* _EXERCISE REQUIREMENTS_: It would help if you retyped the data exactly, leaving out the pictures.

* _INFORMATION PROVIDED_:
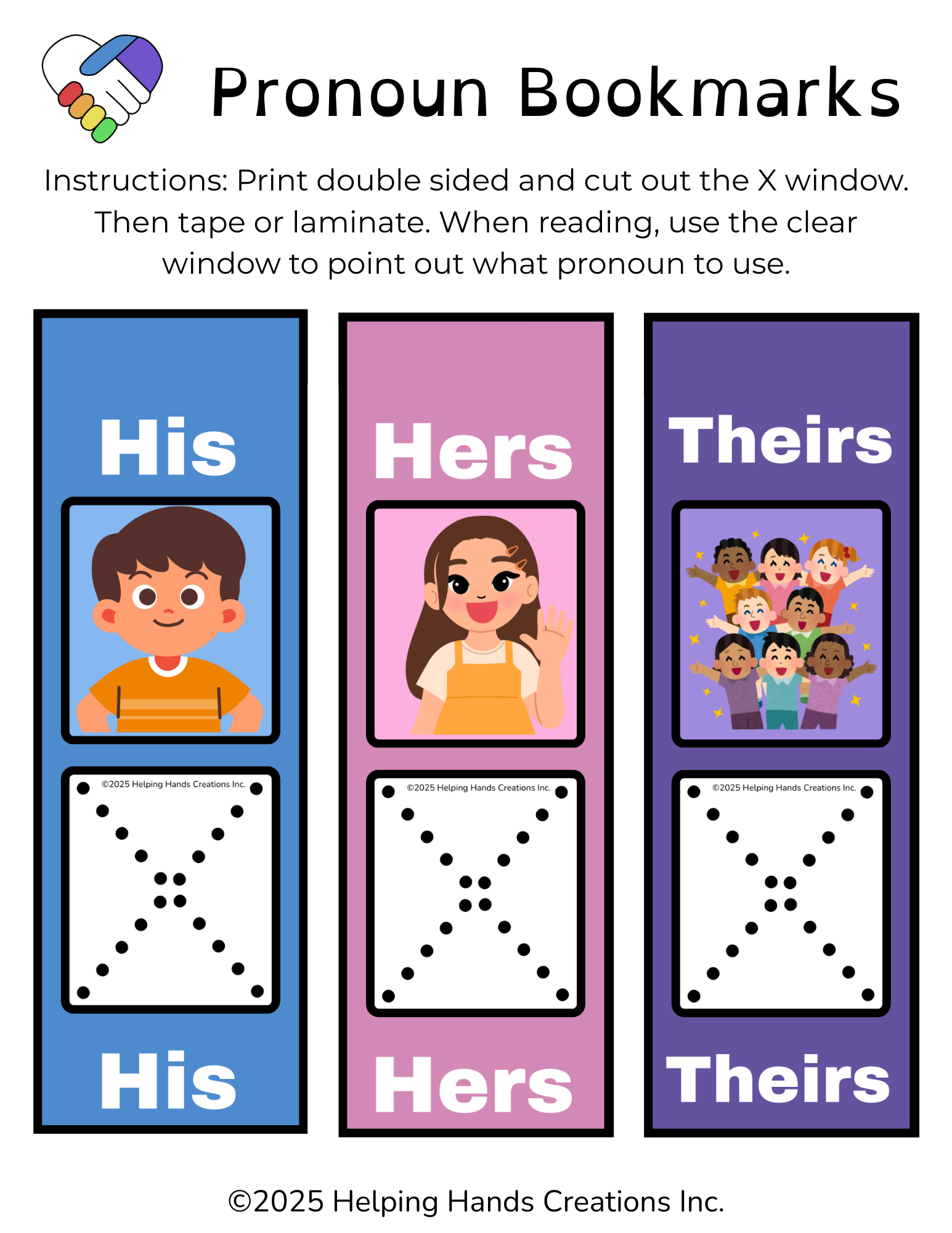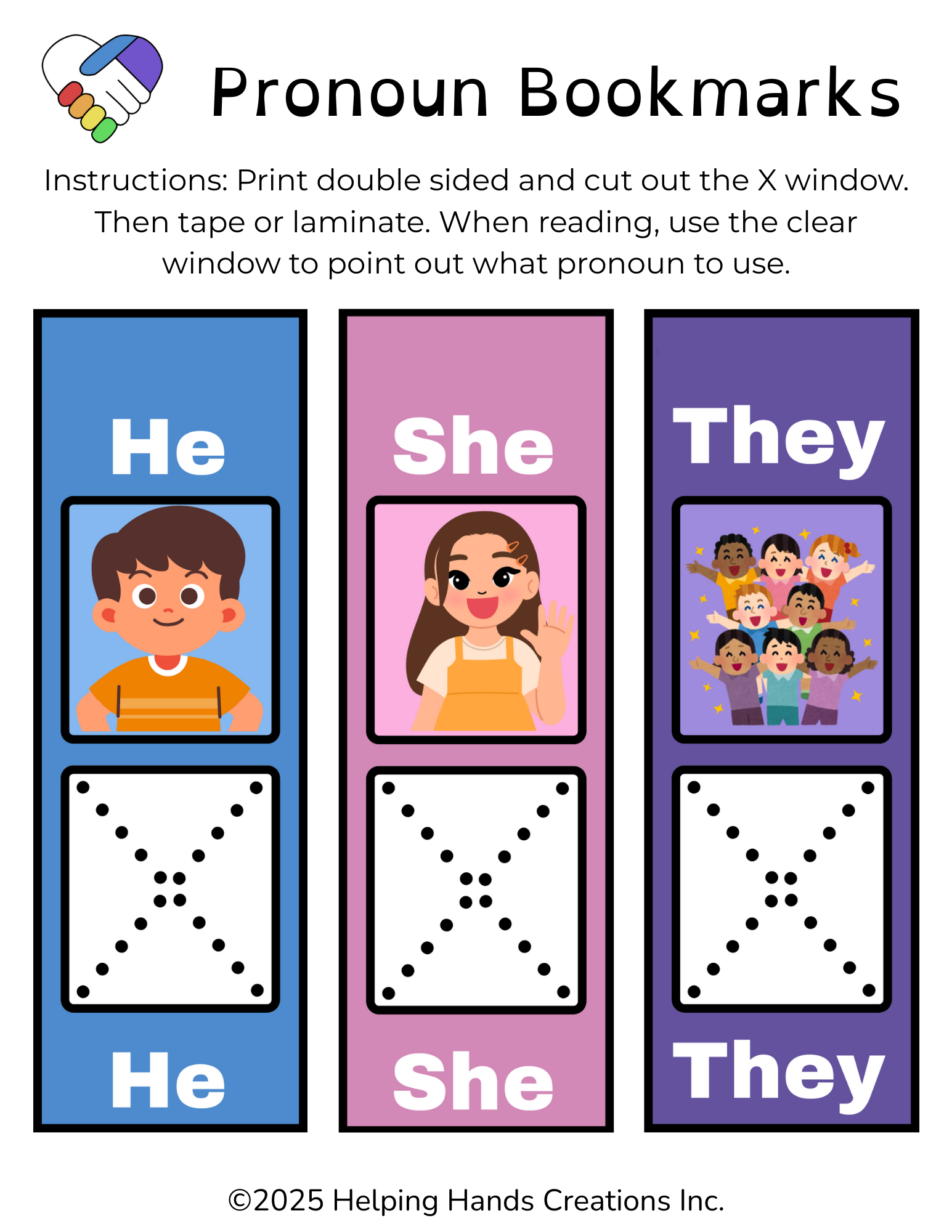 But pronouns are indeed an important skill to learn! So we created pronoun bookmarks!
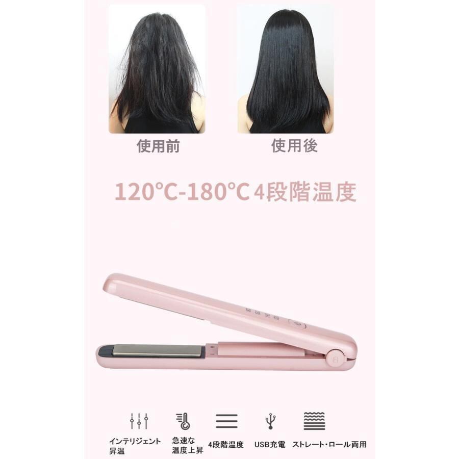 4段階調節 ヘアアイロン ストレートアイロン USB充電式 海外使用可 コードレスヘアアイロン ヘアアイロン ミニヘアアイロン おしゃれ かわいい 小型 小さい 旅行用 コンパクトサイズ
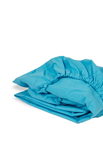 Home of Linen - ملاءة بحواف مطاطية مصنوعة من القطن 100% من هوم اوف لينين، 1 × 2 م، لون تركواز
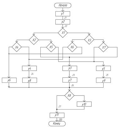 Далее разметим алгоритм с учётом входных, выходных сигналов и состояний для построения абстрактного автомата Мили:

* _FINAL ANSWER_:
 But pronouns are indeed an important skill to learn! So we created pronoun bookmarks!
 4段階調節 ヘアアイロン ストレートアイロン USB充電式 海外使用可 コードレスヘアアイロン ヘアアイロン ミニヘアアイロン おしゃれ かわいい 小型 小さい 旅行用 コンパクトサイズ
 Home of Linen - ملاءة بحواف مطاطية مصنوعة من القطن 100% من هوم اوف لينين، 1 × 2 م، لون تركواز
 Далее разметим алгоритм с учётом входных, выходных сигналов и состояний для построения абстрактного автомата Мили:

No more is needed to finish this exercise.